Lung volumes and CO2 elimination were investigated using a pneumotachograph, infrared gas analysis, and nitrogen washout. Thoracic circumference was determined with a strain gauge. Exhaled nitric oxide was measured using chemiluminescence.

Results

Breathing of Weddell seals was characterized by an apneustic pattern with end-inspiratory pauses with functional residual capacity at the end of inspiration. Respiratory flow rate and tidal volume peaked within the first 3 min after surfacing. Lung volume reductions before and increases after diving were approximately 20% of the lung volume at rest. Thoracic circumference changed by less than 2% during diving. The excess CO2 eliminated after dives correlated closely with the duration of the preceding dive. Nitric oxide was not present in the expired gas.

Conclusion

Our data suggest that most of the changes in lung volume during diving result from compression and decompression of the gas remaining in the respiratory tract. Cranial shifts of the diaphragm and translocation of blood into the thorax rather than a reduction of thoracic circumference appear to compensate for lung collapse. The time to normalise gas exchange after surfacing was mainly determined by the accumulation of CO2 during the dive.

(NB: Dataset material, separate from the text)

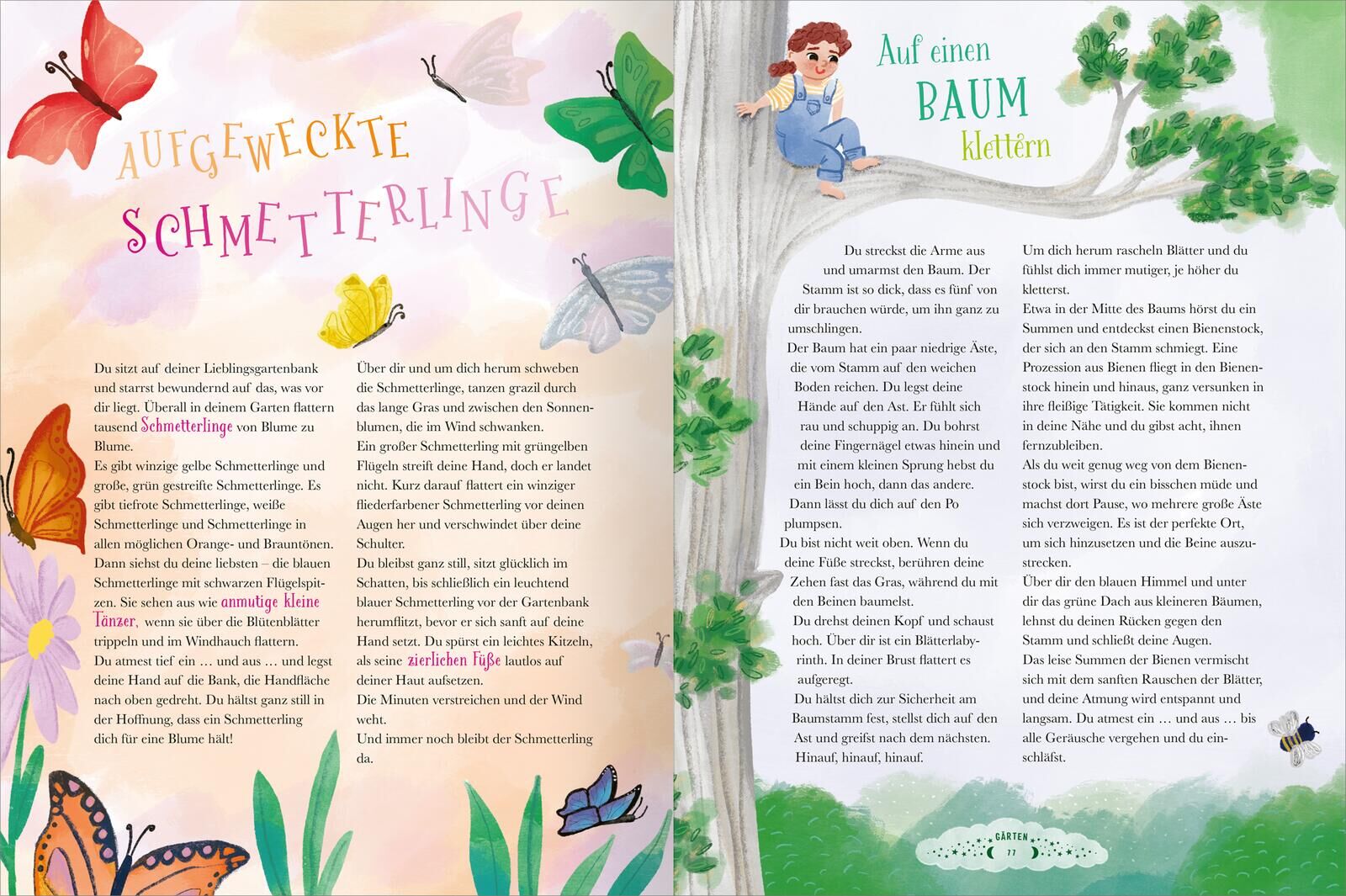 Ob fliegende Abenteuer durch den sternenklaren Nachthimmel, Schatzsuchen am Strand, Begegnungen mit sprechenden Tieren oder Ausflüge in ferne Galaxien die kurzen Geschichten sind so vielfältig wie die Träume selbst. Kinder können als Superhelden die Welt retten, mit Zauberstäben Magie versprühen oder in geheimen Gärten verborgene Schätze entdecken. Das Traumglossar lädt dazu ein, gezielt Geschichten auszuwählen, die genau zur Stimmung des Abends passen. ** Ein Traum für jede Nacht ist eine Einladung, den Tag entspannt ausklingen zu lassen und mit wundervollen Geschichten ins Reich der Träume zu gleiten.

These findings underline the remarkable adaptations of the Weddell seal for restoring lung volume and gas exchange after diving.

Introduction

The extreme diving capabilities of Weddell seals (Leptonychotes weddelli) are due to their high storage capacity for oxygen (Qvist et al., 1986, Guyton et al., 1995, Kooyman and Ponganis, 1998) and its remarkably economical utilization mediated by the diving response (Scholander, 1940, Butler and Jones, 1997). In addition the management of pulmonary gas is paramount for efficient foraging in these animals. They exhale before and immediately after the dive, characteristics of their breathing pattern are obviously important for the handling of the considerable amount of pulmonary nitrogen as well as the regulation of buoyancy. So far only very few quantitative studies on the pattern of respiration before and the restoration of lung volume after free dives have been performed (Kooyman et al., 1971, Kooyman et al., 1973, Parkos and Wahrenbrock, 1987). As originally suggested by Scholander (1940) and in line with Kooyman et al. (1972) study in restrained seals, we have previously demonstrated indirect evidence (by determining blood nitrogen tensions) that the lungs of freely diving Weddell seals undergo alveolar collapse during descent between 25 and 50 m, a phenomenon stopping pulmonary gas exchange and, thus protecting these animals from the unwanted effects of excess nitrogen absorption (Falke et al., 1985). However, directly measured data on the mechanical events associated with lung compression, decompression and full recruitment at surfacing after each dive have been extremely scanty. In a freely diving trained dolphin, visible deformation of the chest wall began to occur between 10 and 60 m depth, and a photograph taken at 300 m depth showed marked thoracic compression from just behind the flippers and posteriorly (Ridgway et al., 1969). Following up on a suggestion of the late Professor Hermann Rahn (personal communication), we attempted to correlate the changes in lung volume during diving with measurements of thoracic circumference.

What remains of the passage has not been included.